Goodness is not good if it is only reflected one way
Warning: Incoming Benevolent Contempt! It's a doozy!
What happens when we’re more invested in looking good than being good? It’s people-pleasing on steroids. It’s manipulation. It’s Benevolent Contempt! And it’s a very mundane, normal human experience.
That’ll Teach Them!
“I know you say you need to borrow some money, but I know you just need to learn the value of hard work. Your suffering is worth the lesson I want you to learn.”
“You told me what you like in bed, but I know you’ll like what I do better, so I’ll just do that. You’re welcome.”
“You need Jesus. You’re behaving in ways I don’t understand and don’t want to understand.

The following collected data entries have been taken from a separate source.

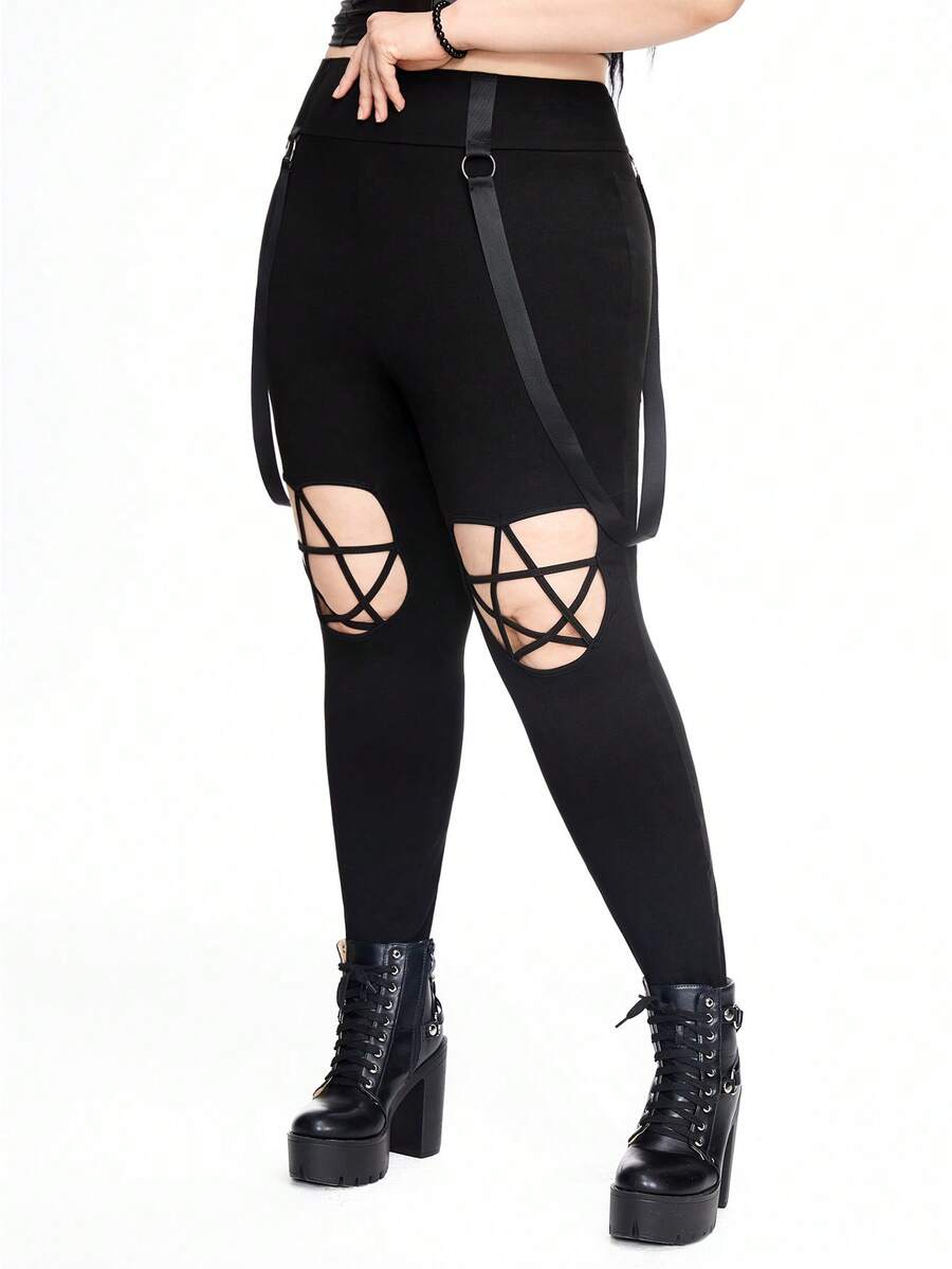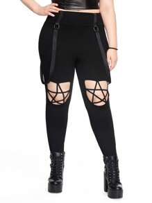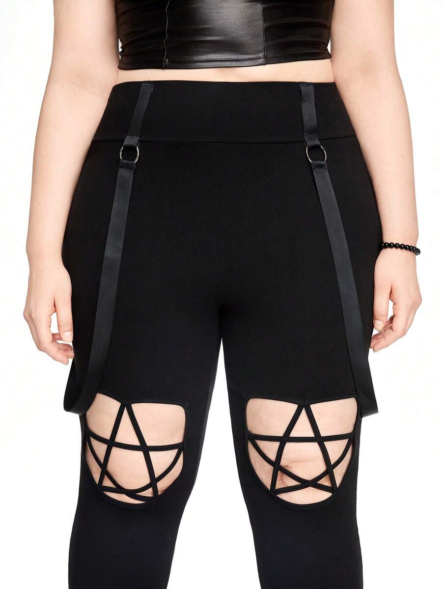 Plus Size Women's Gothic Hollow-Out Pentagram Shape Tight Elastic Waistband Footed Leggings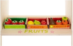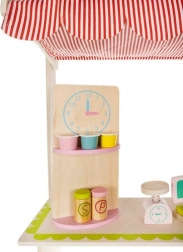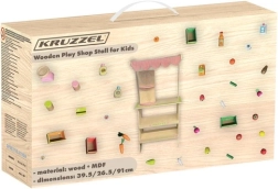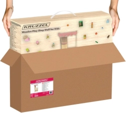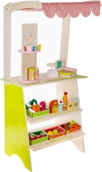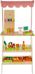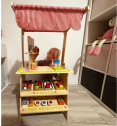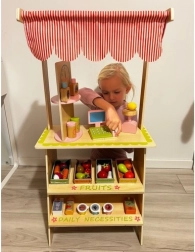Oferă-le copiilor propria piață! Standul stilat din lemn cu acoperiș în dungi, rafturi și secțiuni marcate pentru fructe și produse zilnice dezvoltă imaginația, comunicarea și motricitatea fină. Accesoriile realiste – casă de marcat cu scanner, card de plată, cântar și tablă/„ceas” rotativ – transformă fiecare cumpărătură într-o aventură captivantă.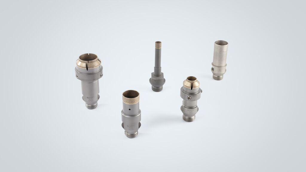 - Glass abrasive belts with abrasive SiC, AIO, compact grain or diamond and cork polishing bands, as well as diamond handblocks and washers with Velcro and magnetic fastening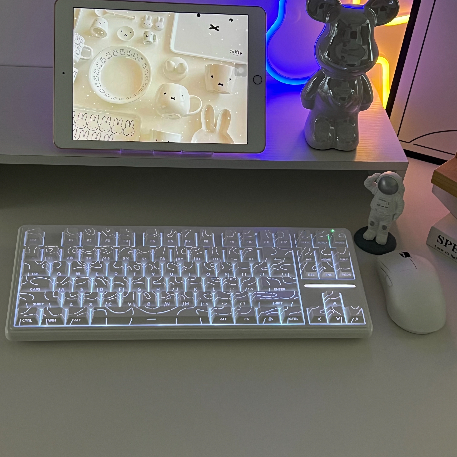 我最近挖到个很适合学生党、租房党布置桌面的数码小物件!它的RGB灯光模式还挺多,晚上开着灯打字,氛围感直接拉满✨~87键的紧凑布局,放在宿舍桌上不占地方,连Mac和Windows系统都能兼容,我换设备用也没压力。不过它是薄膜键盘,要是追求机械轴体那种段落感的话,可能得再考虑下。但日常码字、偶尔玩玩小游戏,手感还是很舒服的,价格也很平价,学生党想打造氛围感桌面可以试试👏!
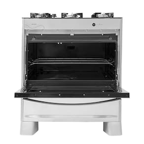 Diferenciais • Design super moderno • Mesa de vidro temperado: qualidade e alta resistência • Trempes de aço esmaltado brilhante com 6 pontos de apoio • Mais estabilidade para as panelas • Acendimento automático total na mesa e no forno • Queimadores de aço esmaltado • Capacidade do forno: 90L • Forno Fácil Limpeza: a gordura não gruda e fica mais fácil de limpar • Puxador em aço pintado na cor do fogão • Proteção térmica com vidro duplo no forno • Controle de temperatura do forno: 180°C a 280°C • Pés elevados que facilitam a limpeza do piso • Forno com válvula de segurança • Grade fixa com 3 níveis de ajuste no forno
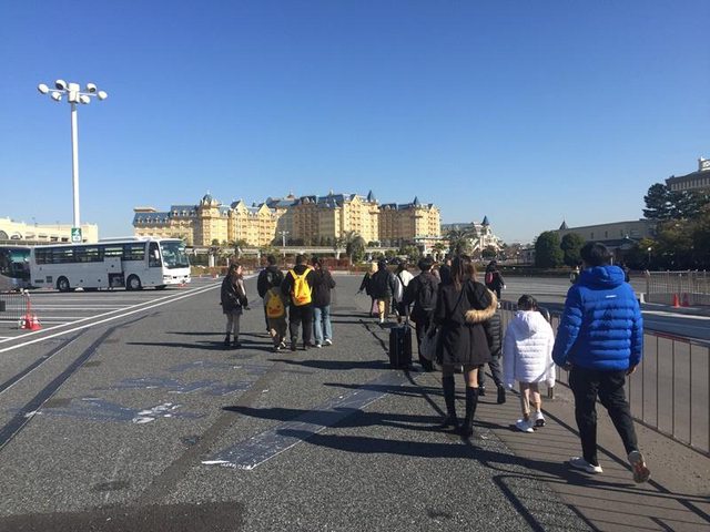 吃完早餐就搭接駁車前往迪士尼樂園了,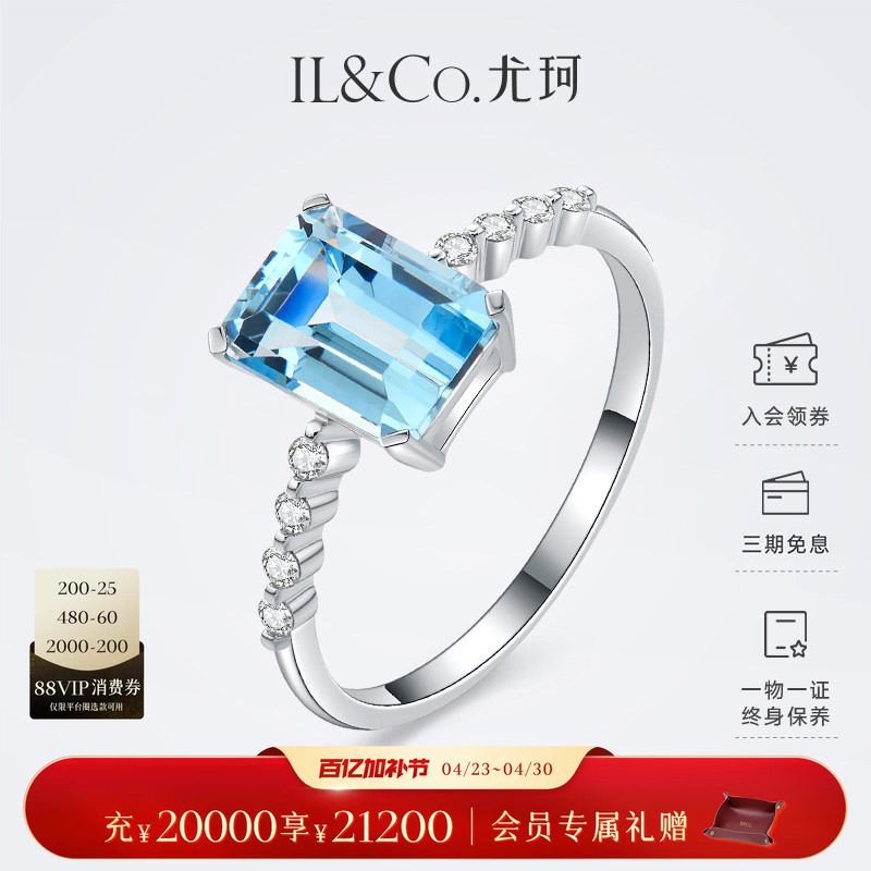 ILCO尤珂「冰蓝方糖」18K金天然海蓝宝石戒指时尚方形彩宝女款戒

Jesus and the church will fix you so I’ll feel more comfortable around you. That’s what’s most important to our relationship; my comfort “
“I must civilize this savage; bring them nobility, values, and religion so they’ll understand my inherent superiority in the natural hierarchy of life. Then they’ll be able to better navigate this culture that I’m imposing on them!”
“They’re privileged so they could never know how to navigate community more skillfully than someone who isn’t as privileged. I will alienate them to teach them a lesson on community.”
Benevolent contempt is that person driving slow in the left lane who, whenever you try to pass them, speeds up and does everything they can to keep you behind them.
Benevolent Contempt all comes down to these internalized statements:
“I know what’s good for you better than you do.”
“I’ll hide behind doing what’s ‘good for you’ when really I’m only doing what’s good for me. This way people won’t judge or punish ME for doing what I want– because I would judge or punish someone for going for what they want.”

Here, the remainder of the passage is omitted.